== Segment start ==
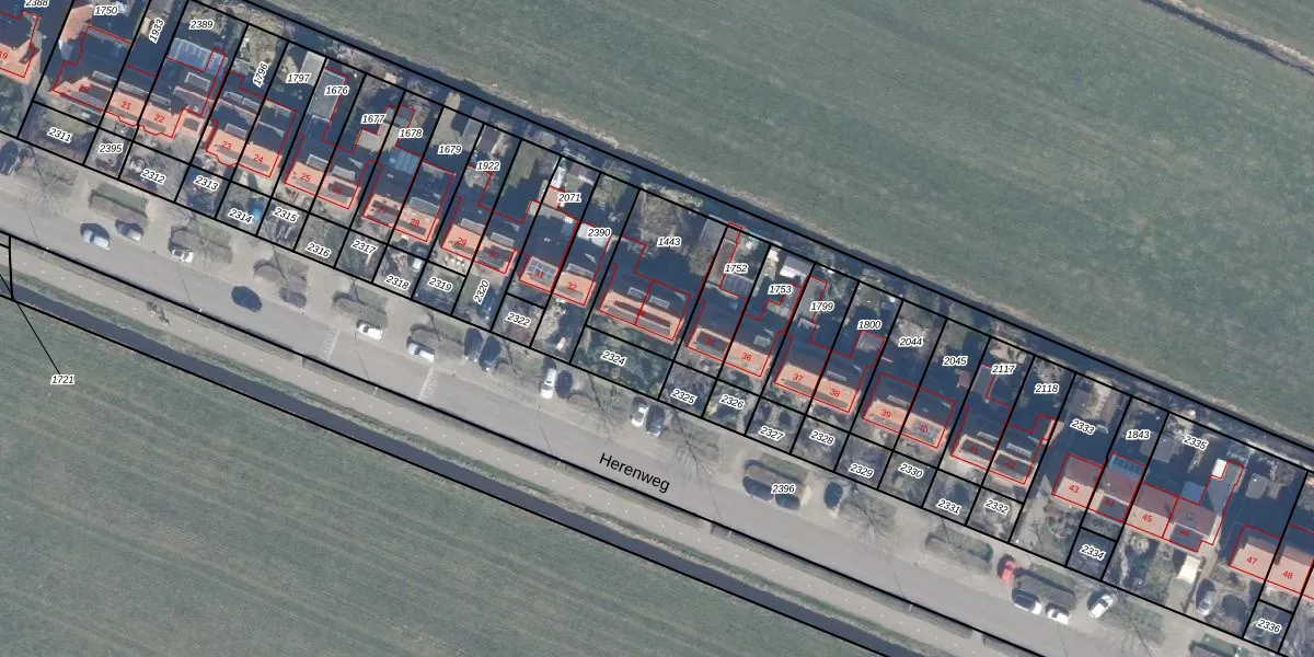 Het perceel waarop Herenweg 34 staat heeft een oppervlakte van 326 m². Dit is een groot perceel. De perceeloppervlakte wordt geregistreerd door het Kadaster. Gedetailleerde informatie over de maten van dit perceel kunt u vinden in het rapport Kadastrale kaart met maatvoering van Herenweg 34.
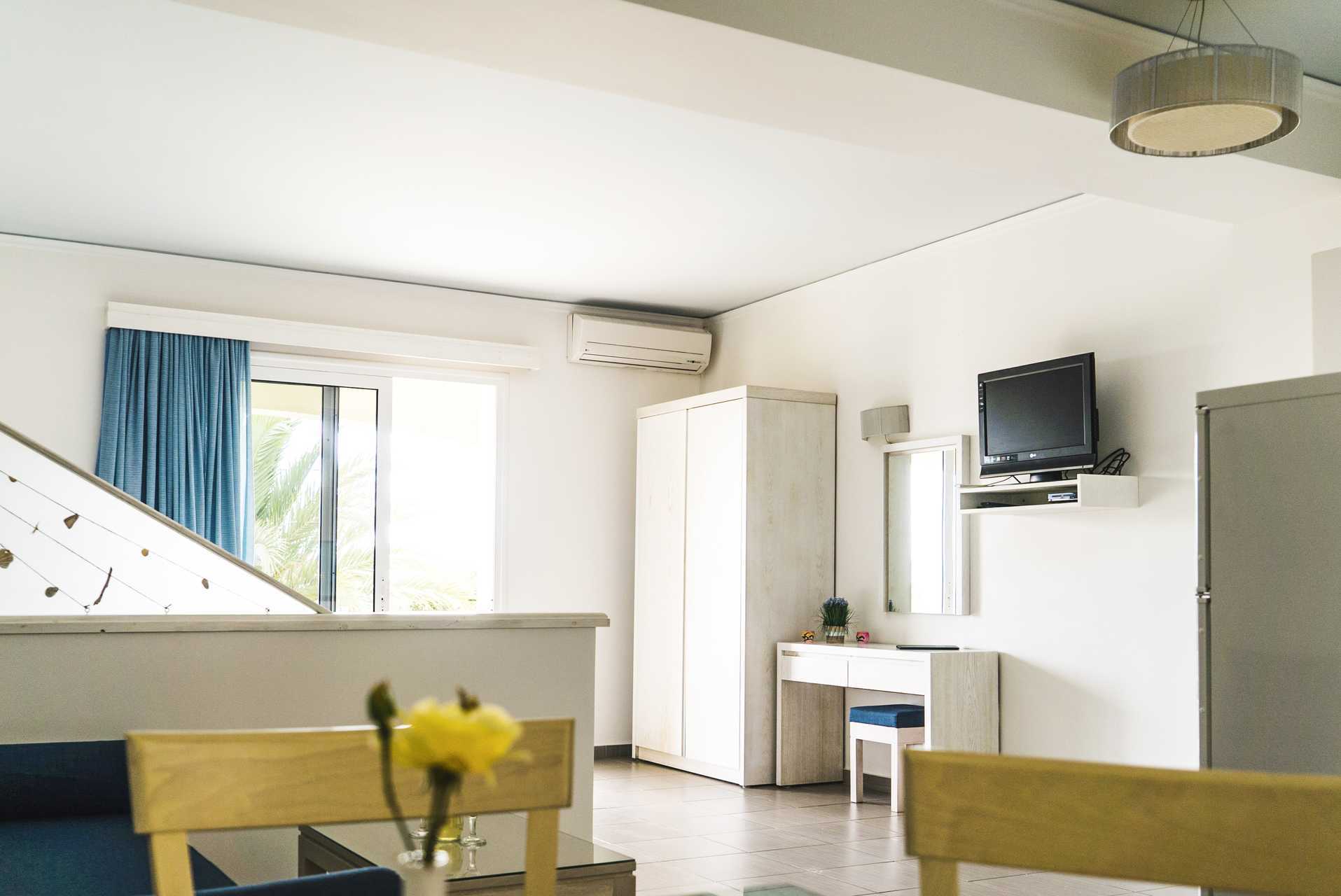 2-værelses lejlighed med terrasse i stueplan. Soveværelse og kombineret opholdsrum med minikøkken. To enkeltsenge. Mulighed for ekstra opredning i sovesofa. Minikøkken med ovn, komfur, køleskab, kaffemaskine, el-kedel, saftpresser, brødrister, sandwichgrill, elpisker og enkelt køkkenudstyr. Gratis aircondition og deponering. Strygejern og strygebræt. Tv med internationale kanaler. Hårtørrer. Badeværelse med bruser og toilet. Rengøring 6 gange om ugen. 2-værelses lejlighederne har små vinduer, der sidder lidt højt på væggen, og nogle 2-værelses lejligheder har en almindelig dør (ikke glas) ud til terrassen.
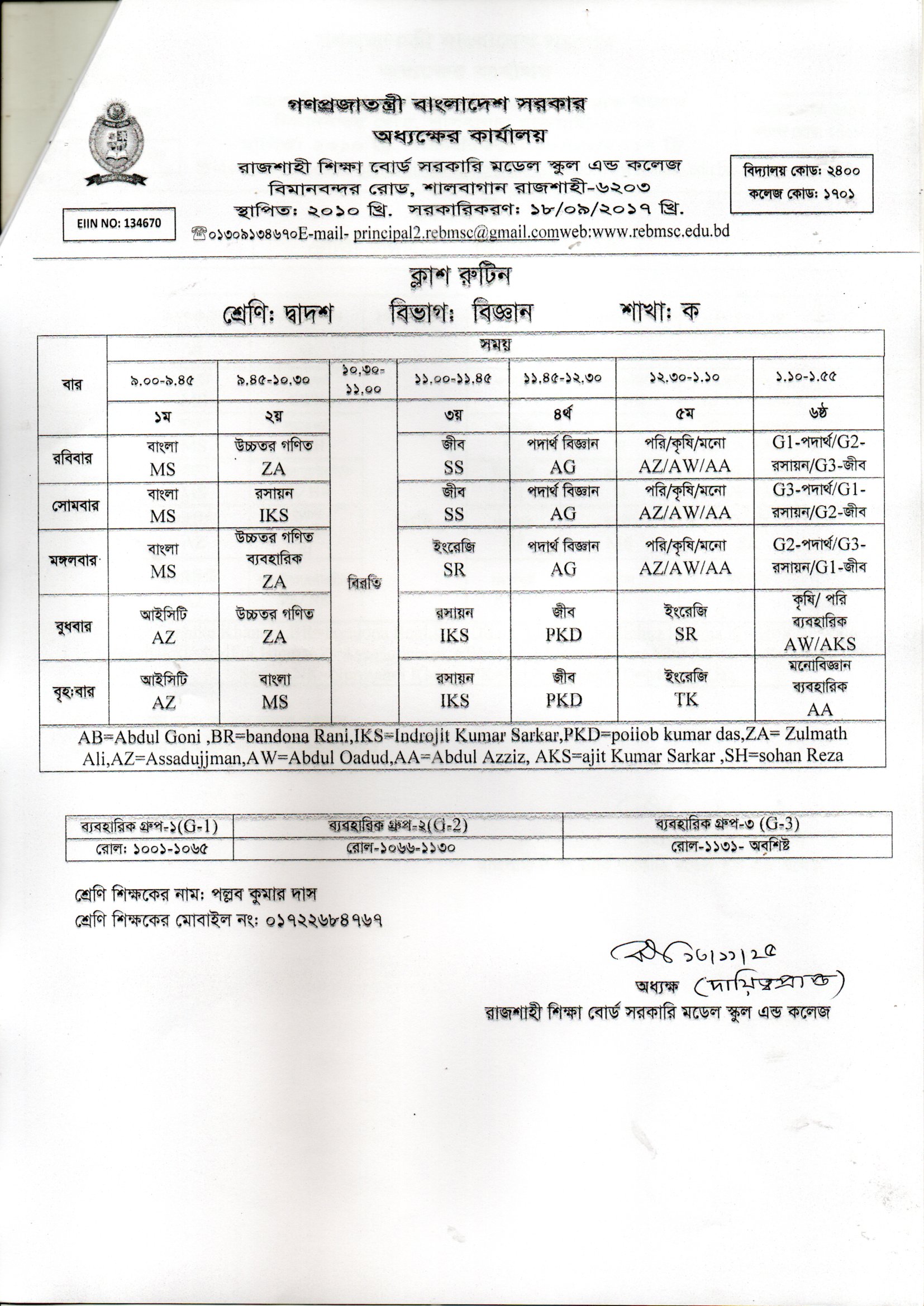দ্বাদশ-বিজ্ঞান-ক্লাস রুটিন
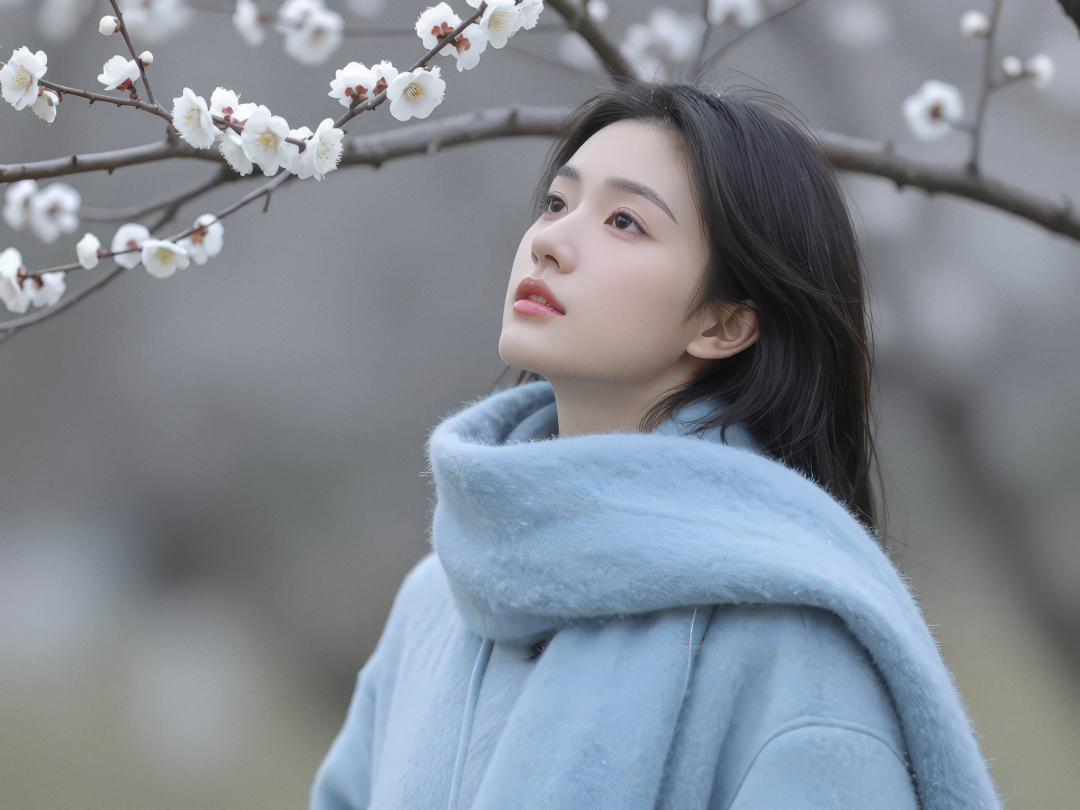 东亚年轻女性,皮肤白皙,气质清新而克制。身穿雾霾蓝色冬季外套,现代简洁风格。妆容自然柔和,唇部微微光泽。人物站在白梅枝下抬头望花,神情放松平和。横构图,近景至中景,背景柔和虚化,高画质,冬日散射光,安静电影氛围。
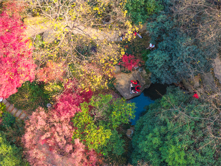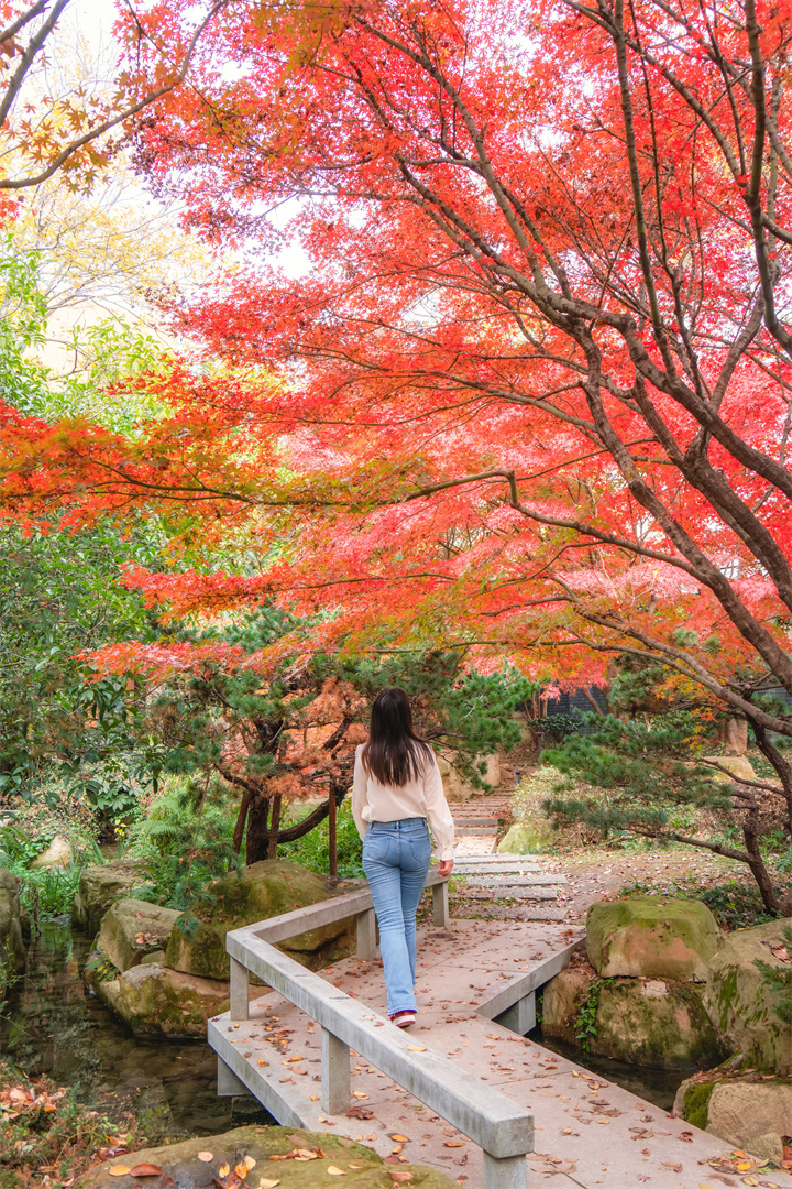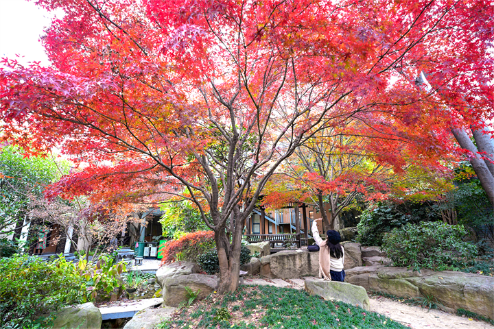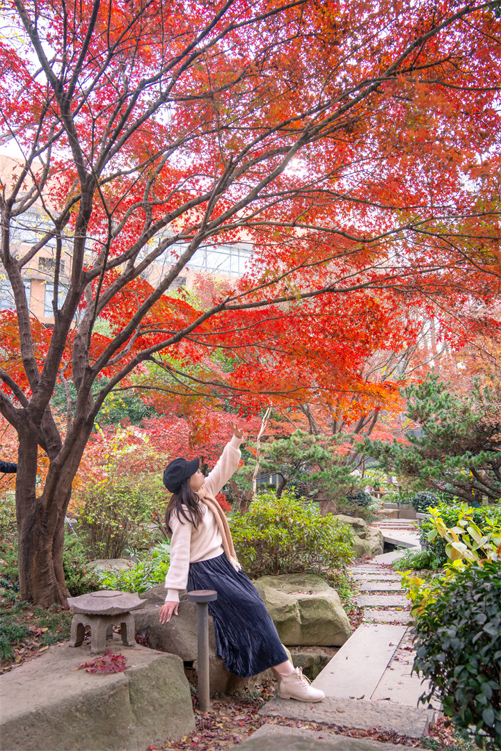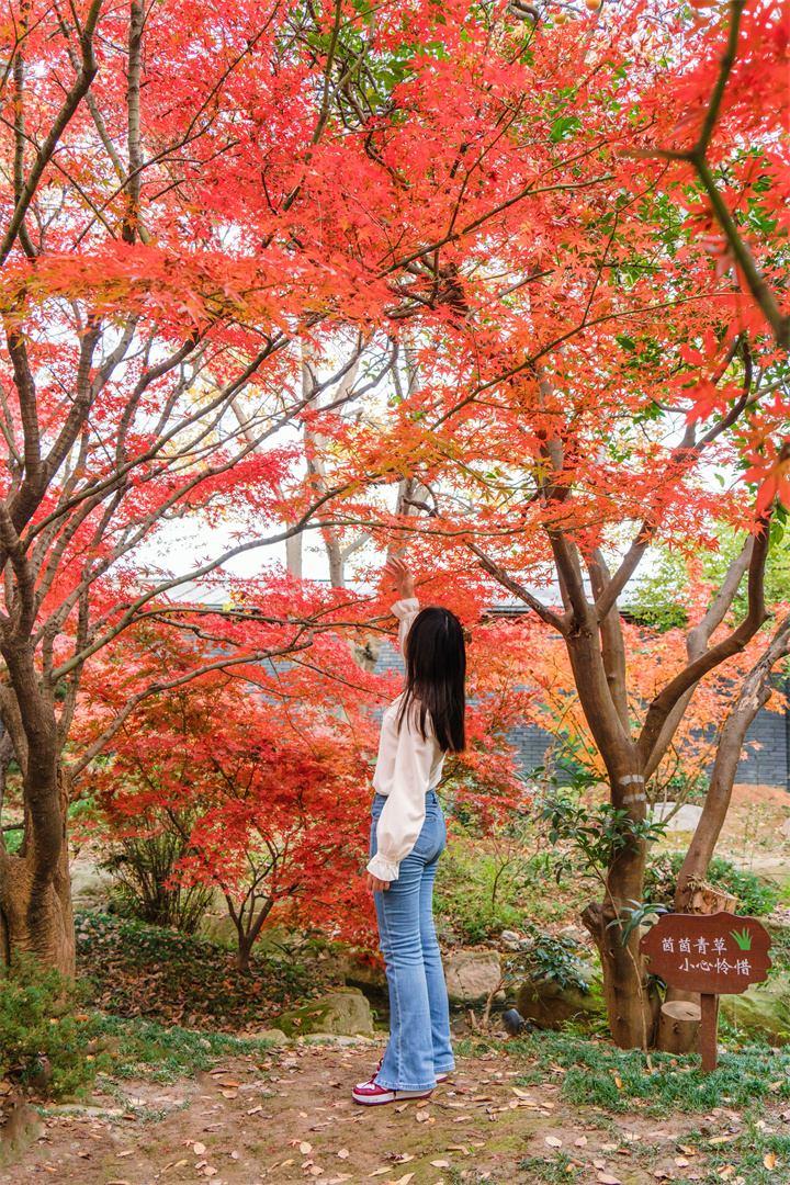 虽然这里的鸡爪槭数量不多,但长在院落中,树形舒展,拍照氛围感很好。
== Segment end ==
Assignment. A word-for-word transcription of the listing is needed, minus its images.

Result for this exercise.
 Het perceel waarop Herenweg 34 staat heeft een oppervlakte van 326 m². Dit is een groot perceel. De perceeloppervlakte wordt geregistreerd door het Kadaster. Gedetailleerde informatie over de maten van dit perceel kunt u vinden in het rapport Kadastrale kaart met maatvoering van Herenweg 34.
 2-værelses lejlighed med terrasse i stueplan. Soveværelse og kombineret opholdsrum med minikøkken. To enkeltsenge. Mulighed for ekstra opredning i sovesofa. Minikøkken med ovn, komfur, køleskab, kaffemaskine, el-kedel, saftpresser, brødrister, sandwichgrill, elpisker og enkelt køkkenudstyr. Gratis aircondition og deponering. Strygejern og strygebræt. Tv med internationale kanaler. Hårtørrer. Badeværelse med bruser og toilet. Rengøring 6 gange om ugen. 2-værelses lejlighederne har små vinduer, der sidder lidt højt på væggen, og nogle 2-værelses lejligheder har en almindelig dør (ikke glas) ud til terrassen.
দ্বাদশ-বিজ্ঞান-ক্লাস রুটিন
 东亚年轻女性,皮肤白皙,气质清新而克制。身穿雾霾蓝色冬季外套,现代简洁风格。妆容自然柔和,唇部微微光泽。人物站在白梅枝下抬头望花,神情放松平和。横构图,近景至中景,背景柔和虚化,高画质,冬日散射光,安静电影氛围。
 虽然这里的鸡爪槭数量不多,但长在院落中,树形舒展,拍照氛围感很好。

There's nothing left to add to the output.